== Segment start ==

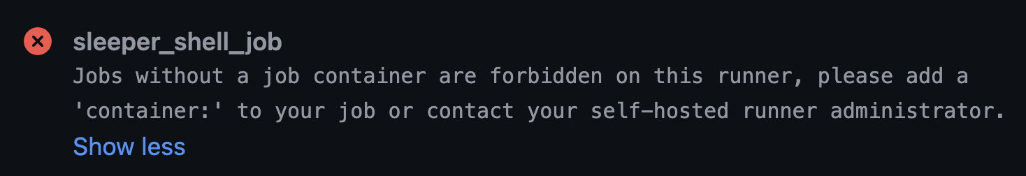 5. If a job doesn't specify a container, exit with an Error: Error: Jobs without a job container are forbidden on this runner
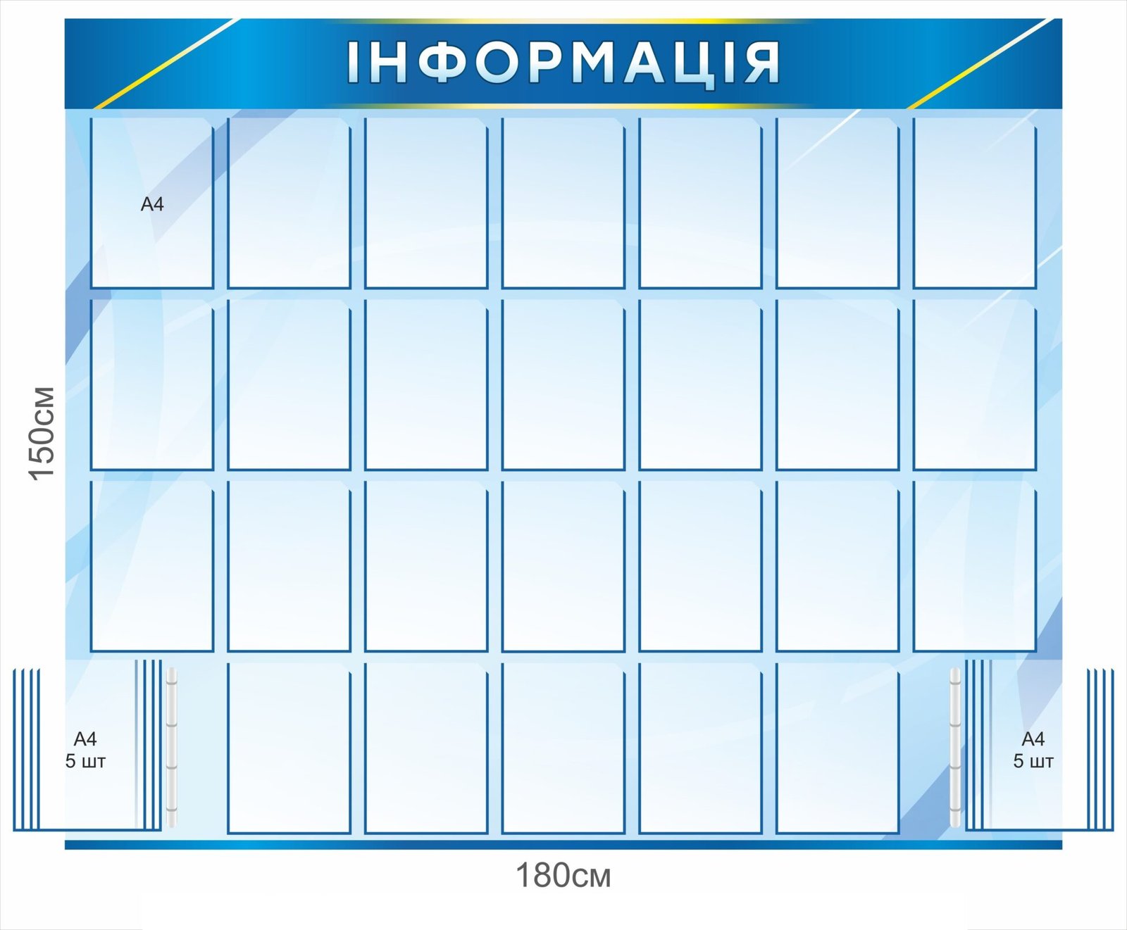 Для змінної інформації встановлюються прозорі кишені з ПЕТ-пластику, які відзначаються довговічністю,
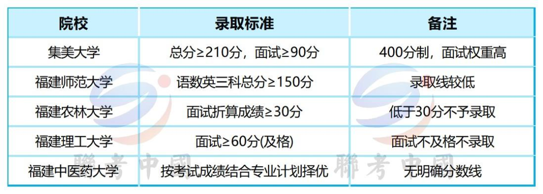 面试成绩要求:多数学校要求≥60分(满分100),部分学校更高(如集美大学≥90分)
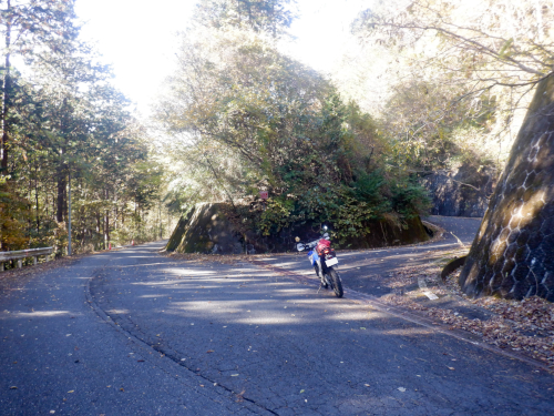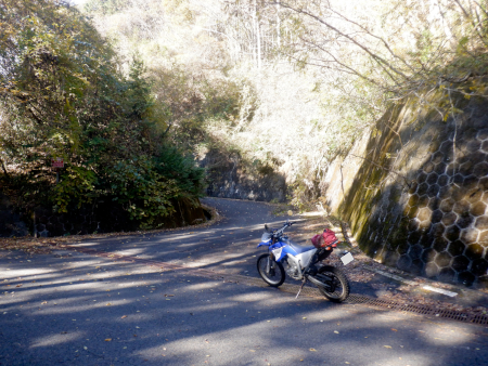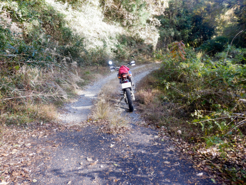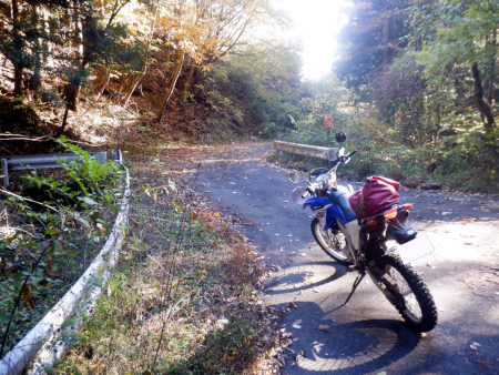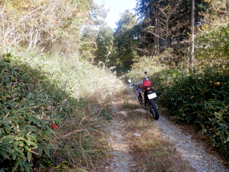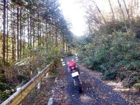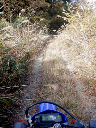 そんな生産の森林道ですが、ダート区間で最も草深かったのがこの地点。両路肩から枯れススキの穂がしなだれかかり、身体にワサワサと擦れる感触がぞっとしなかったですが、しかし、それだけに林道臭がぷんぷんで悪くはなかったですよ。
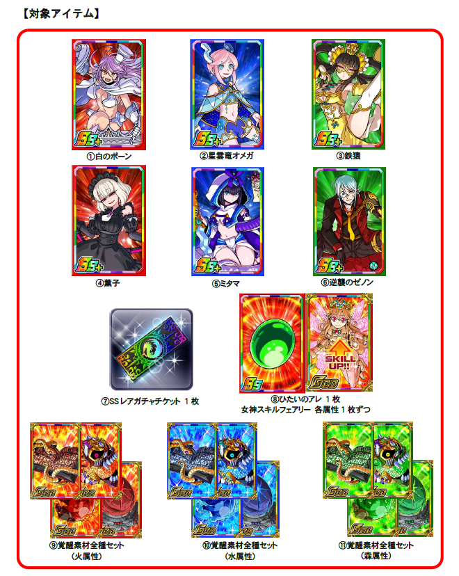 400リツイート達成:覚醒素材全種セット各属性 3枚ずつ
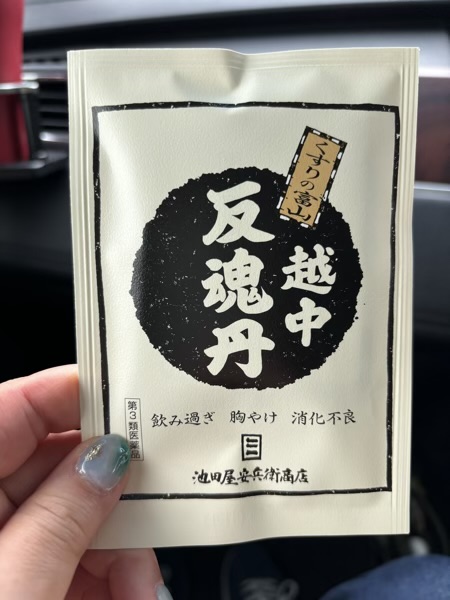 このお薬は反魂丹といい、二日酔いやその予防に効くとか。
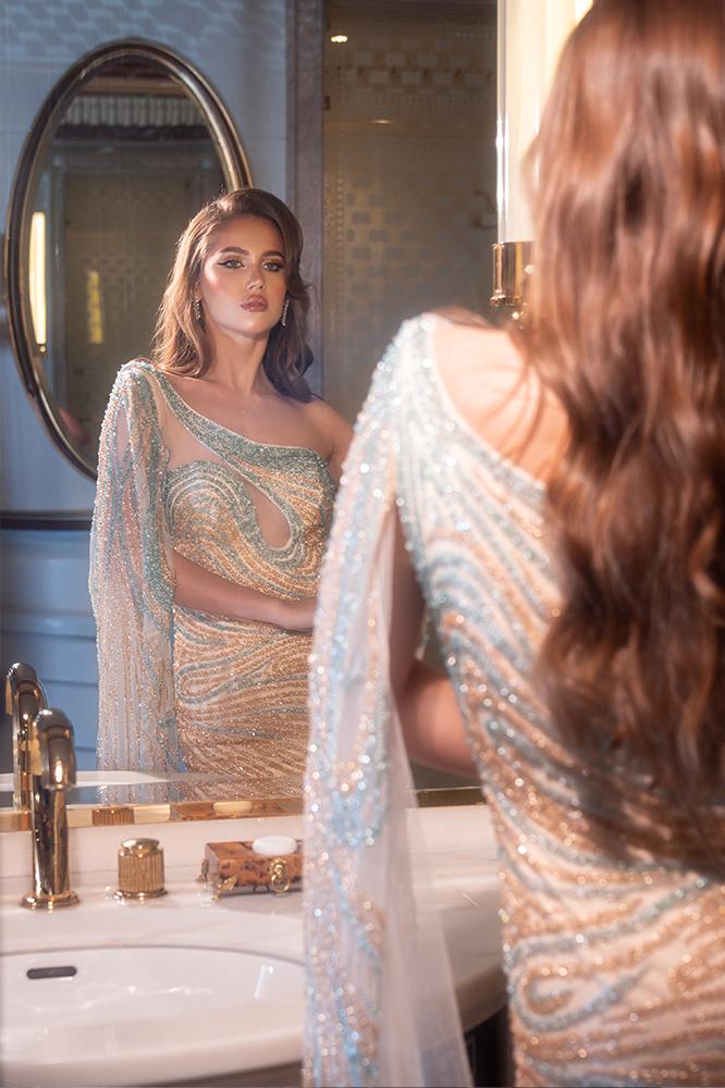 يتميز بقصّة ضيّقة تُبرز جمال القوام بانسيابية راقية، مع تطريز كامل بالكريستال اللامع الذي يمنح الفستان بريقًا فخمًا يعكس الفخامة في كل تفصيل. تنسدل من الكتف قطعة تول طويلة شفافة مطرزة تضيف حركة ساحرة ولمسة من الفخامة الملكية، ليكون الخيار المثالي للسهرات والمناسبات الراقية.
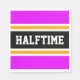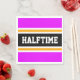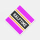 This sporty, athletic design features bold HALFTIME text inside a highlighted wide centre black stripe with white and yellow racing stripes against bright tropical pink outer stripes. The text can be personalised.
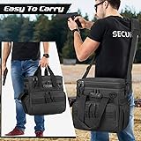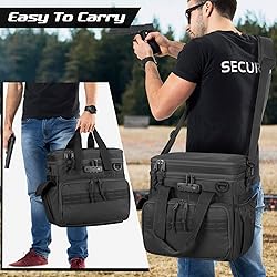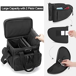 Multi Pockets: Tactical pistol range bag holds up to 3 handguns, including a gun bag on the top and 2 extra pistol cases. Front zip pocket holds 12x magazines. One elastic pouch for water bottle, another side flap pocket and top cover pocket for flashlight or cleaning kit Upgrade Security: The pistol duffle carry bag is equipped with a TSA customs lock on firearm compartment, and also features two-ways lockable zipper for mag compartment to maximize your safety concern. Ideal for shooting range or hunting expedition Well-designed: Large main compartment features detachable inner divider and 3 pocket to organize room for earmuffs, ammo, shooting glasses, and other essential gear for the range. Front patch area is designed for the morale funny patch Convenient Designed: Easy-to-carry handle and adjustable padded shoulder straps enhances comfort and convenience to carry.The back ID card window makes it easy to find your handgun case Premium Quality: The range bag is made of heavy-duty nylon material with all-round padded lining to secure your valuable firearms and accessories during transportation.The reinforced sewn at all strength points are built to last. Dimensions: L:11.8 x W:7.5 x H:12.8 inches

== Segment end ==

EXERCISE DETAILS: Leave nothing out but the pictures when transcribing the records.

EXERCISE ANSWER:
 5. If a job doesn't specify a container, exit with an Error: Error: Jobs without a job container are forbidden on this runner
 Для змінної інформації встановлюються прозорі кишені з ПЕТ-пластику, які відзначаються довговічністю,
 面试成绩要求:多数学校要求≥60分(满分100),部分学校更高(如集美大学≥90分)
 そんな生産の森林道ですが、ダート区間で最も草深かったのがこの地点。両路肩から枯れススキの穂がしなだれかかり、身体にワサワサと擦れる感触がぞっとしなかったですが、しかし、それだけに林道臭がぷんぷんで悪くはなかったですよ。
 400リツイート達成:覚醒素材全種セット各属性 3枚ずつ
 このお薬は反魂丹といい、二日酔いやその予防に効くとか。
 يتميز بقصّة ضيّقة تُبرز جمال القوام بانسيابية راقية، مع تطريز كامل بالكريستال اللامع الذي يمنح الفستان بريقًا فخمًا يعكس الفخامة في كل تفصيل. تنسدل من الكتف قطعة تول طويلة شفافة مطرزة تضيف حركة ساحرة ولمسة من الفخامة الملكية، ليكون الخيار المثالي للسهرات والمناسبات الراقية.
 This sporty, athletic design features bold HALFTIME text inside a highlighted wide centre black stripe with white and yellow racing stripes against bright tropical pink outer stripes. The text can be personalised.
 Multi Pockets: Tactical pistol range bag holds up to 3 handguns, including a gun bag on the top and 2 extra pistol cases. Front zip pocket holds 12x magazines. One elastic pouch for water bottle, another side flap pocket and top cover pocket for flashlight or cleaning kit Upgrade Security: The pistol duffle carry bag is equipped with a TSA customs lock on firearm compartment, and also features two-ways lockable zipper for mag compartment to maximize your safety concern. Ideal for shooting range or hunting expedition Well-designed: Large main compartment features detachable inner divider and 3 pocket to organize room for earmuffs, ammo, shooting glasses, and other essential gear for the range. Front patch area is designed for the morale funny patch Convenient Designed: Easy-to-carry handle and adjustable padded shoulder straps enhances comfort and convenience to carry.The back ID card window makes it easy to find your handgun case Premium Quality: The range bag is made of heavy-duty nylon material with all-round padded lining to secure your valuable firearms and accessories during transportation.The reinforced sewn at all strength points are built to last. Dimensions: L:11.8 x W:7.5 x H:12.8 inches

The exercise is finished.